> [Activity] Word for word, the data below must be repeated in full; no picture is to be included.

[Records excerpted from a collection]
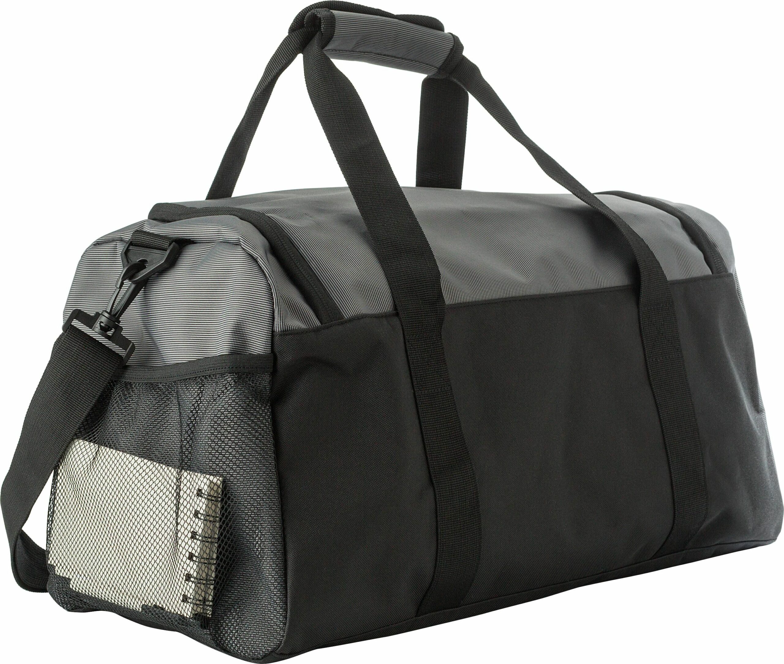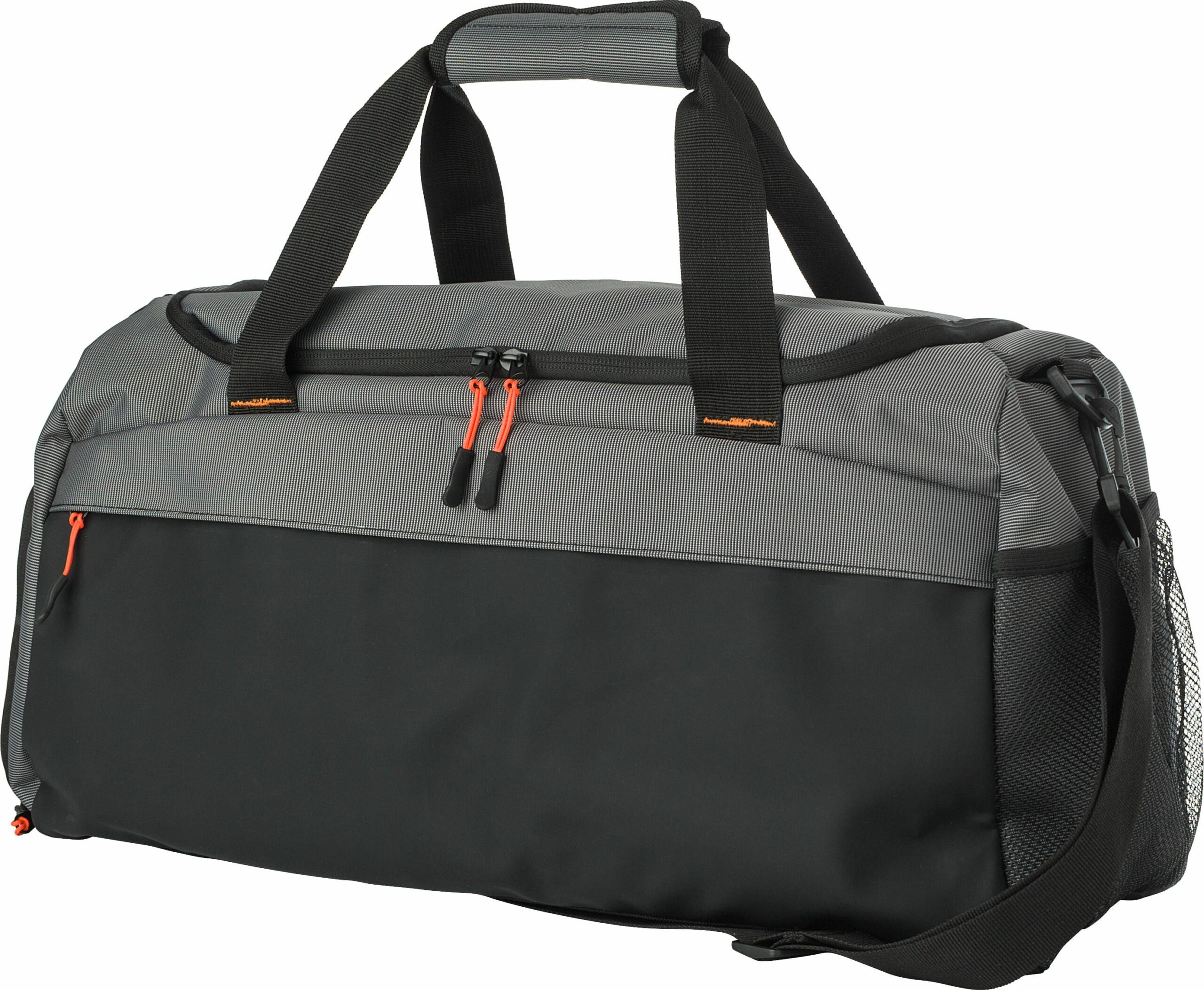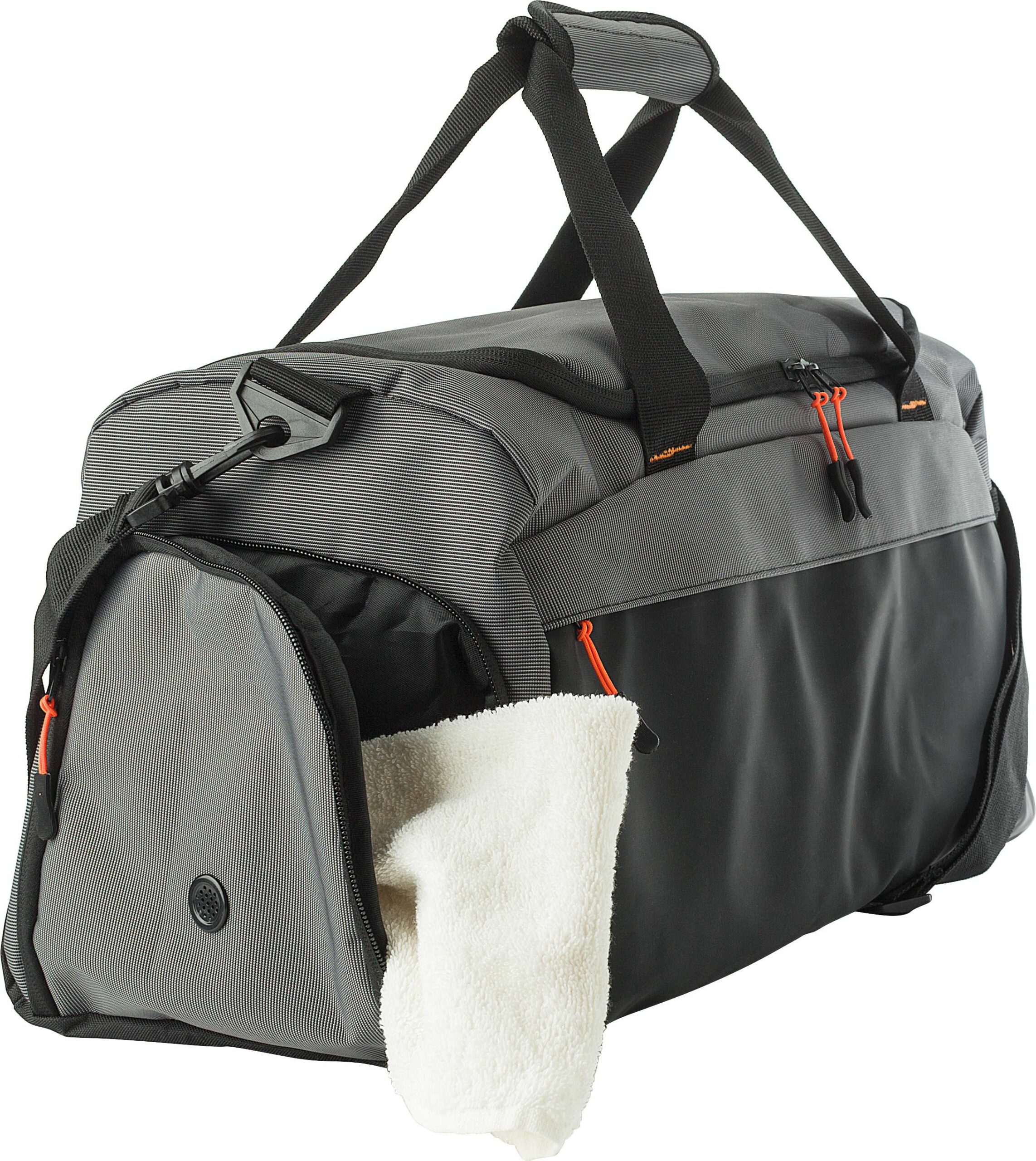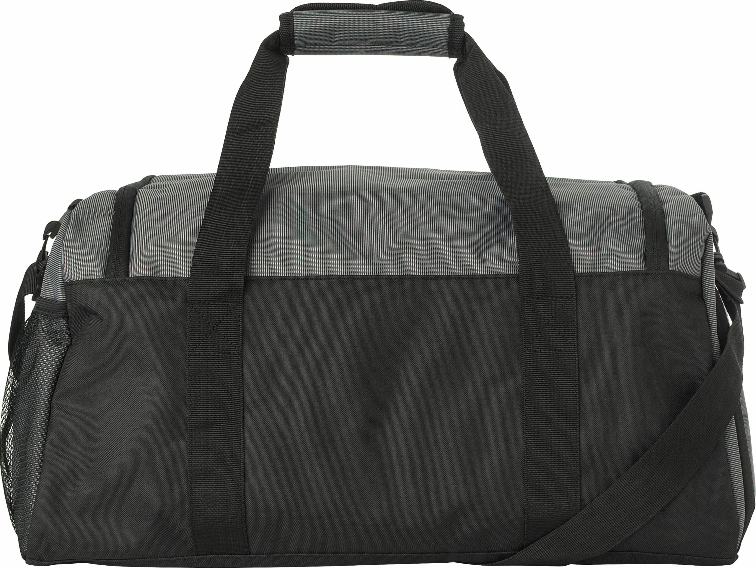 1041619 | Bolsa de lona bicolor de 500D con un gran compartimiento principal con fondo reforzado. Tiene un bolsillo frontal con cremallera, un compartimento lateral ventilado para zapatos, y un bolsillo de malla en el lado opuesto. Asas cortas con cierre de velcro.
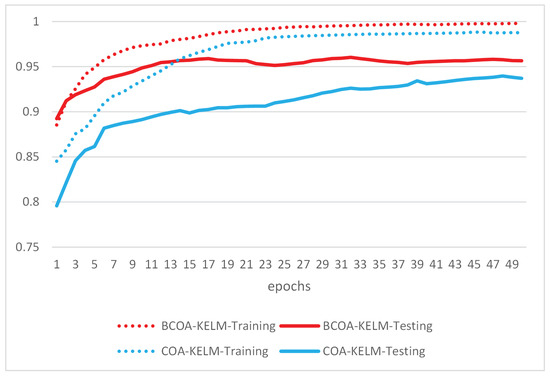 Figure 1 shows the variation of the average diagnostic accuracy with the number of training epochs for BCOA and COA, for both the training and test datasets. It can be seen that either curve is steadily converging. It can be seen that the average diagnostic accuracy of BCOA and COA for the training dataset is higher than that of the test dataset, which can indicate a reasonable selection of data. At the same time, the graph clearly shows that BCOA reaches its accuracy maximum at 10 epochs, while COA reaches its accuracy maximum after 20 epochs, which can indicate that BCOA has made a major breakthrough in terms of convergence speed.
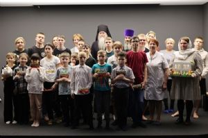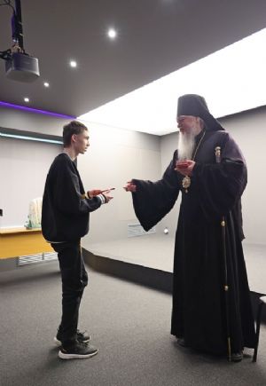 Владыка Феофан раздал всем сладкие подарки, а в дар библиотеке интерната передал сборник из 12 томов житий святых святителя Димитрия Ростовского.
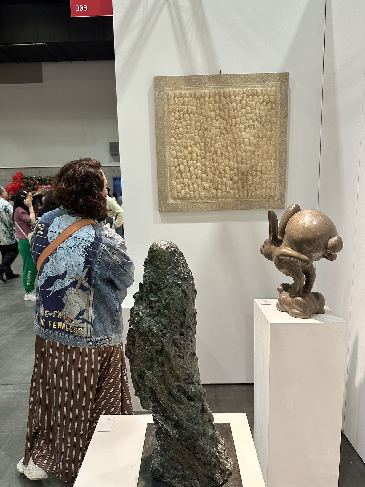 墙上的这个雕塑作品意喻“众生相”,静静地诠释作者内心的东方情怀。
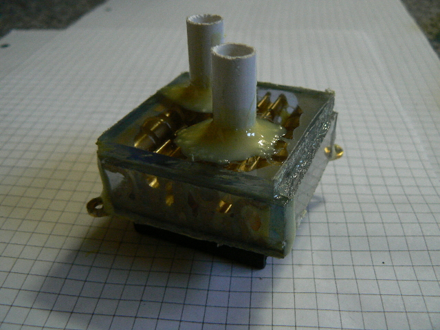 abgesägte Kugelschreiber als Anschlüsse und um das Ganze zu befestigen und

> [Solution for this exercise]
 1041619 | Bolsa de lona bicolor de 500D con un gran compartimiento principal con fondo reforzado. Tiene un bolsillo frontal con cremallera, un compartimento lateral ventilado para zapatos, y un bolsillo de malla en el lado opuesto. Asas cortas con cierre de velcro.
 Figure 1 shows the variation of the average diagnostic accuracy with the number of training epochs for BCOA and COA, for both the training and test datasets. It can be seen that either curve is steadily converging. It can be seen that the average diagnostic accuracy of BCOA and COA for the training dataset is higher than that of the test dataset, which can indicate a reasonable selection of data. At the same time, the graph clearly shows that BCOA reaches its accuracy maximum at 10 epochs, while COA reaches its accuracy maximum after 20 epochs, which can indicate that BCOA has made a major breakthrough in terms of convergence speed.
 Владыка Феофан раздал всем сладкие подарки, а в дар библиотеке интерната передал сборник из 12 томов житий святых святителя Димитрия Ростовского.
 墙上的这个雕塑作品意喻“众生相”,静静地诠释作者内心的东方情怀。
 abgesägte Kugelschreiber als Anschlüsse und um das Ganze zu befestigen und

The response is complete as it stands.